Thank God for Autism
I very often feel very thankful that I’m excluded from these weird social codes that seem to loom very large for many people:
Men and women face different pressures when it comes to communicating and performing confidence. Women must be humble and self-effacing (“Oh, me? I’m nothing special.”)
I’m extremely happy I heard this for the first time at the age when it is too old to start doing the fake self-effacement thing.
Here is more:
Women who are “too” confident (which often means women with a reasonable, healthy level of confidence) are disliked much more than men who are “too” confident (which is more likely to mean men who are truly unpleasantly full of themselves).
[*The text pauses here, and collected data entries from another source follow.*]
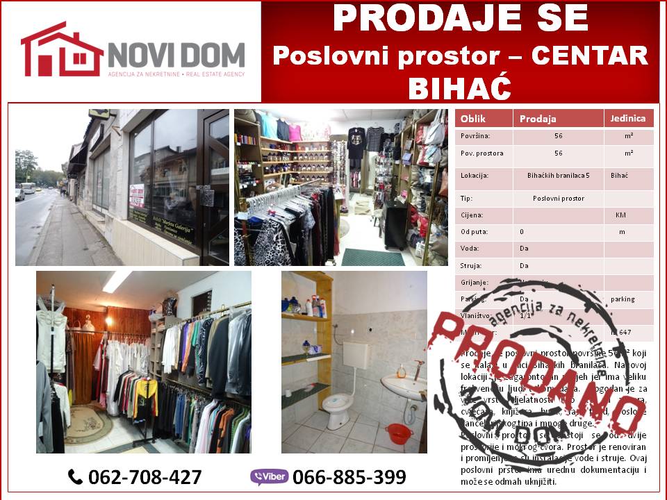 -PRODANO!!! Prodaje se poslovni prostor površine 56m² koji se nalazi u ulici Bihaćkih branilaca. Na ovoj lokaciji je zagarontovan uspjeh jer ima veliku frekvenciju ljudi tokom dana. Pogodan je za više vrsta djelatnosti kao što su zlatara, cvjećara, knjižara, butik, fast food, poslove kancelarijskog tipa i mnoge druge. Poslovni prostor se sastoji se od dvije prostorije i mokrog čvora. Prostor je renoviran i promijenjene su instalacije vode i struje. Ovaj poslovni prstor ima urednu dokumentaciju i može se odmah uknjižiti.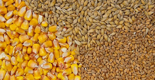 Wheat, barley and maize grains as agricultural background.
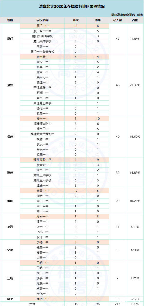 2020年,廈門共有47人被清華北大錄取,佔全省的21.86%,高居福建第一。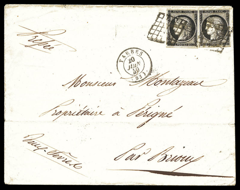 79 imageN°3, 20c Noir, 2 exemplaires, OB grille, C. TARBES (type 15) sur enveloppe au double port pour Brioux 1849 TB Qualité: Oblitéré (Image)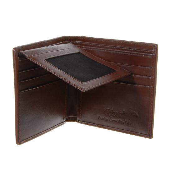 Well made; brand new mens Crocodile Hide wallet. Sought after back skin dyed brown. 4.5" x 4" when folded; multiple card slots; bill slots and license flap inside; $395 retail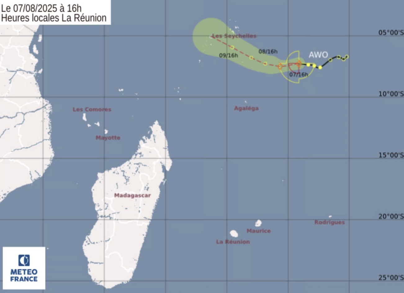 " Un affaiblissement du système est ensuite prévu à partir de vendredi, prenant une orientation ouest-nord-ouest en le dirigeant vers l'archipel des Seychelles au stade bien affaibli de dépression se comblant", détaille Météo France.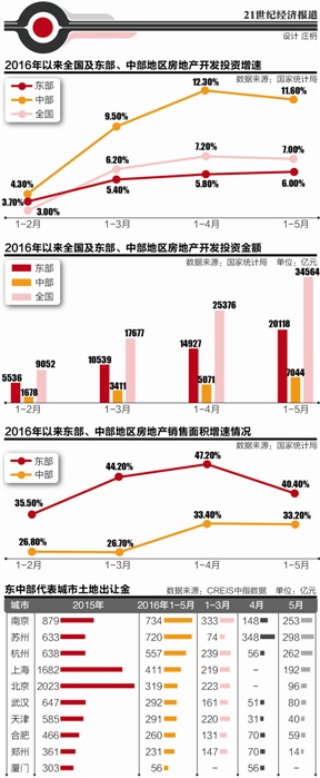 不過,整個4月,作為一線城市的北京和上海竟無一幅地塊出讓,而到了5月,北京、上海、蘇州、南京、杭州開始集中供地,僅這5個城市當月的土地出讓金就高達1101億元。作為中部城市的合肥、武漢、鄭州等地卻放慢了供地節(jié)奏,這成為導致中部地區(qū)房地產(chǎn)開發(fā)投資增速在5月首次調(diào)頭向下的主因。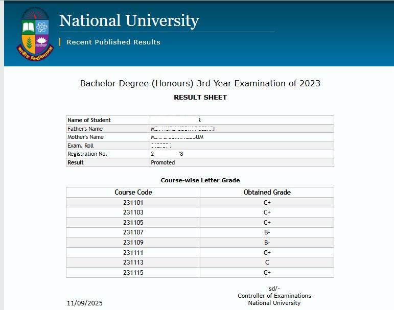 2023 Honors 3rd Year Exam Result held under National University has been published. The published results can be obtained from the university website www.nu.ac.bd/results and through SMS through the message option of any mobile phone.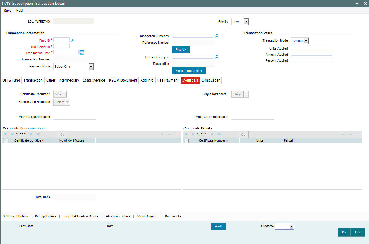 If you have selected a certificate option fund, then all certificate information fields are enabled. You can enter the following details: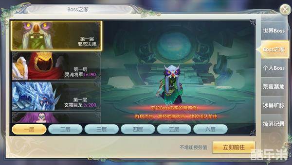 对比世界Boss和个人Boss,Boss之家在数量上那是非常具有优势的。Boss之家一共分成三层,每一层都有一大堆的Boss在等你来刷!更经常有玩家直接就入住Boss家了。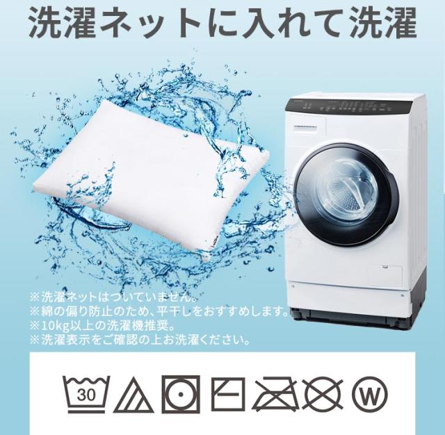 ・洗濯機や枕の破損、事故を防ぐため、洗濯機の容量、洗い方については洗濯機の説明書に従い洗濯ください。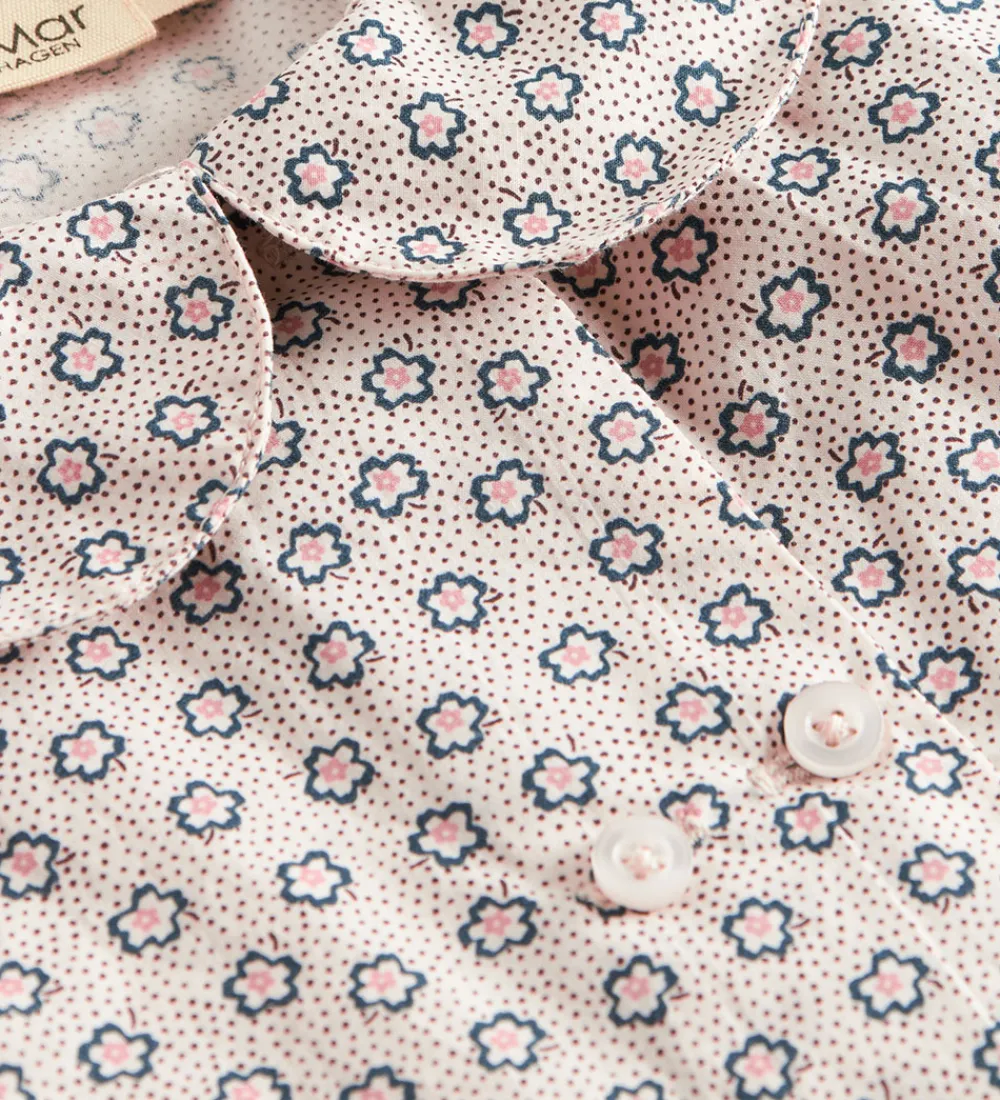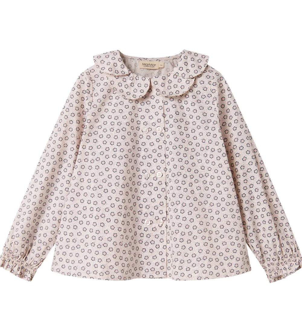 Charmerende MarMar skjorte i cremehvid med lange ærmer og et farverigt, blomstret og prikket mønster i mørkeblå, brun og rosa. Skjorten har en elegant krave med flæsedetaljer samt elastik ved ærmeafslutningerne.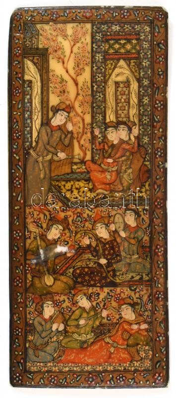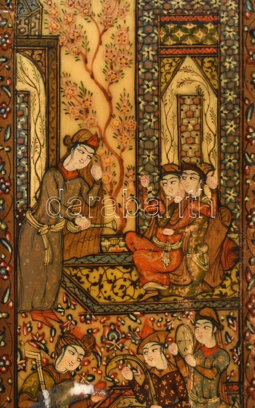 Beschreibung: Iráni (perzsa) csont, kézzel festett miniatűr, 1900 körül, kopásokkal, 12x5cm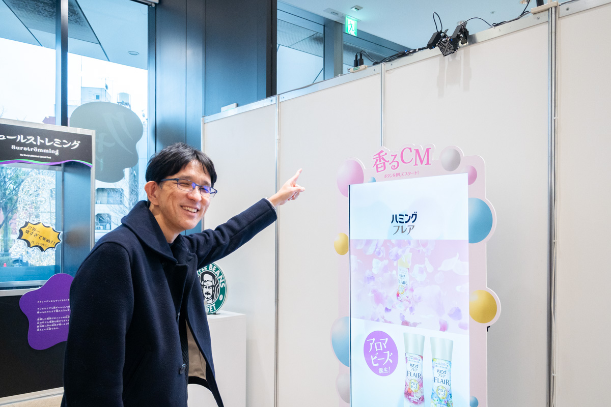 ソニーのGrid Scentによる “においの体験” に呼応した花王が、同社の柔軟剤商品による香りの魅力を届ける店頭設置用什器をソニーと試作した。今回のイベントでは花王の協力により、試作什器を使った同社商品の動画広告を事例として展示している。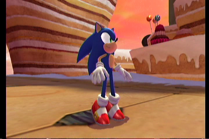 少し背伸びをして眺めているソニック。なんだかんだ言いつつも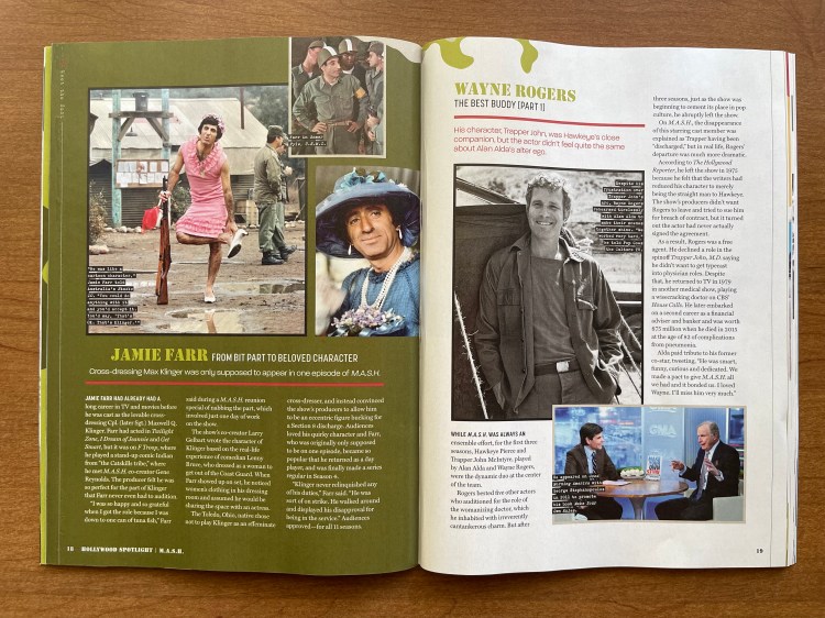 One area where this magazine and the Life magazine are equally matched is with the information they provide about the characters and actors in the series. Both spend a fair amount of time discussing the key members of the cast. But The Ultimate Guide to M*A*S*H takes things a step further. There are some features in this magazine that I really enjoyed such as the best and worst romances, the actors who served in the military, guest stars, the best lines from the series, and a where are they now article that also includes an in memoriam for those actors who have passed away. This magazine really does a great job of honoring the characters of the series and the actors who played them.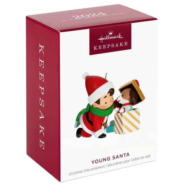 Ever wondered what Santa Claus was like as a child? This adorable Young Santa Christmas tree ornament gives you a glimpse into Santa’s early years, filled with playful moments and joyful surprises. The 3rd in the Young Santa Keepsake Ornament series, this year's design features little Santa discovering his puppy as it jumps out of a gift box, capturing the magic and wonder of childhood holiday memories. With exceptional artistry and heartwarming detail, this ornament is sure to bring smiles and festive cheer to your tree.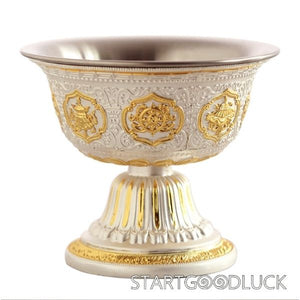 When using this Chinese - style clouds pattern cup for water offering, the water must be pure, which signifies the worshipper's pure heart. It's believed that this purity can help purify thoughts and make the spiritual connection with Buddha more sincere, as if Buddha's blessing is more easily received with a blameless mind. Meanwhile, the platinum two - tone design is so visually appealing that the cup can also serve as a wonderful decorative item, adding an elegant and sacred touch to your space, as if the divine beauty of Buddhism is always by your side.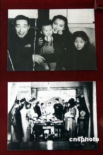 4月2日,上海福壽園“祭先烈、敬先賢、憶先人”清明月紀念展開幕,百余位建國英雄、名人精英、藝術(shù)大師的生平資料和實物史料亮相。圖為上世紀三十年代“電影皇帝”金焰與著名電影藝術(shù)家秦怡的結(jié)婚場景照(下圖)以及他們夫婦與孩子的合影(上圖)首次公開展覽。金焰,1910年出生于韓國漢城,代表作品《風流劍客》、《野草閑花》、《一剪梅》等。1948年金焰與秦怡結(jié)婚。1983年金焰離開人世。 中新社發(fā) 潘索菲 攝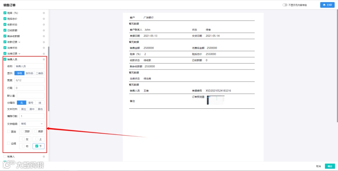 横跨行数设置:可设置字段的横跨行数,布局会根据横跨行数大小自动进行调整。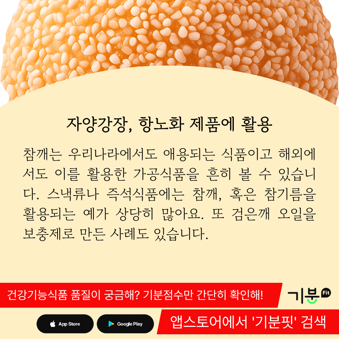 또 참깨 중의 검은깨 오일을 보충제 형태로 만들어 건강관리에 활용할 수 있도록 한 제품들도 있다.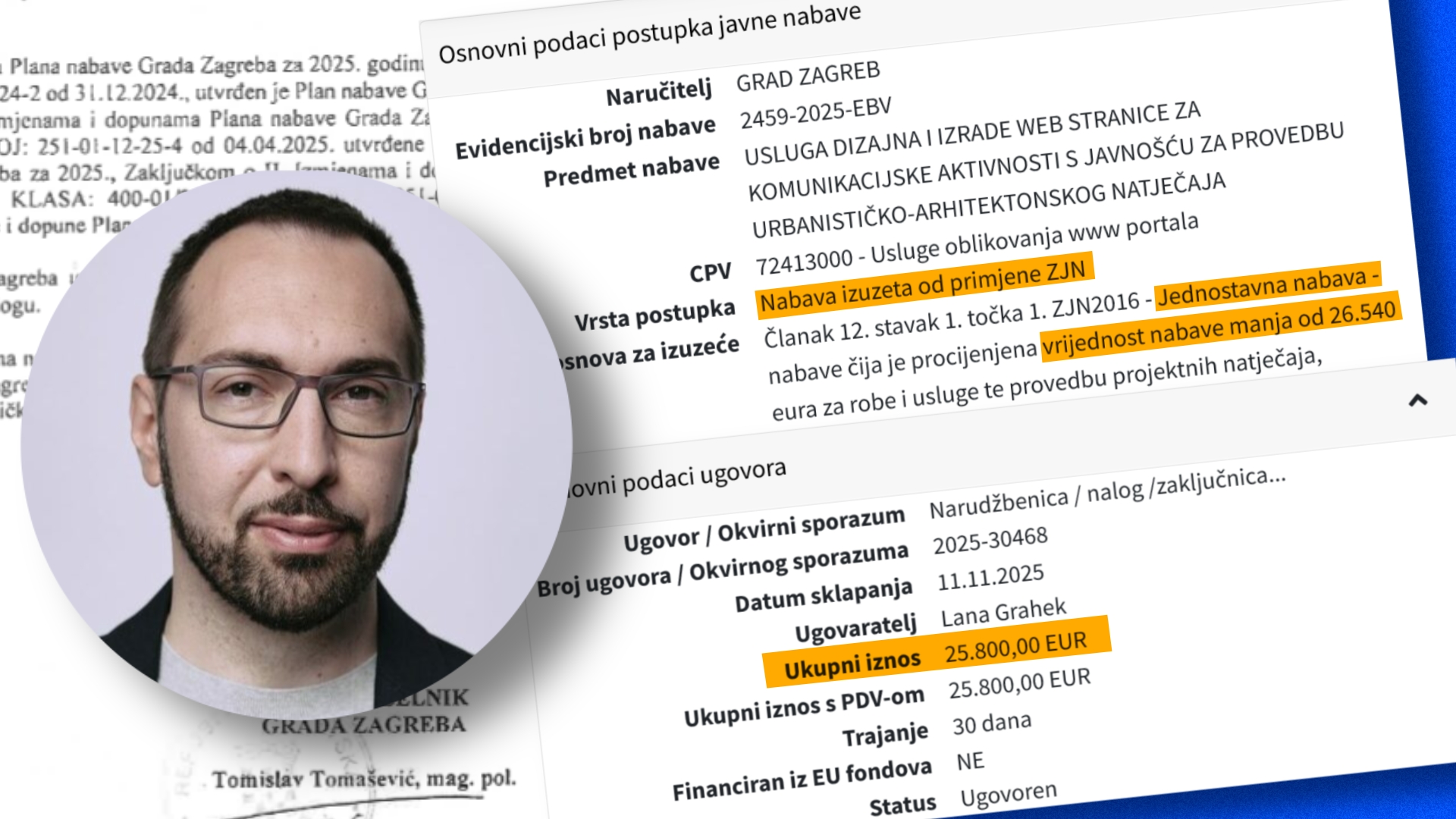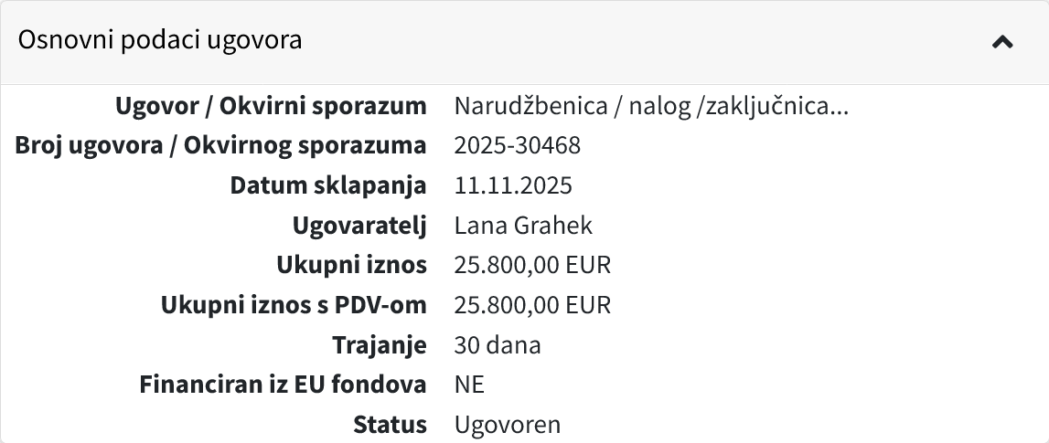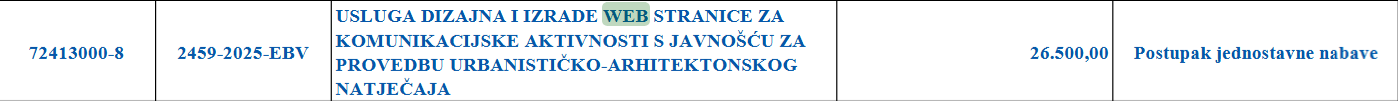Ono što je još zanimljivije je da je tim dokumentom predviđeno da se za spornu web stranicu potroši točno 26.500,00 eura što je samo 40 eura ispod praga obvezne javne nabave.

I’m definitely one of the “too confident” group. And maybe people do hate me for that, who knows? The great thing is that I live in a bubble where I’m convinced that everybody finds me amazing all of the time. It isn’t like I’m capable of noticing or caring what people really think.
With beauty specifically, women end up in a weird double bind. Women must be beautiful, but they must not be confident. So they must play up their beauty while denying having done so and while claiming outwardly that they’re not actually beautiful.
All I can feel for people who participate in this insanity is profound compassion. I wish somebody had told them that the routine described in the quote is extremely obnoxious.
I’ll have my autism instead of this miserable way of being any time.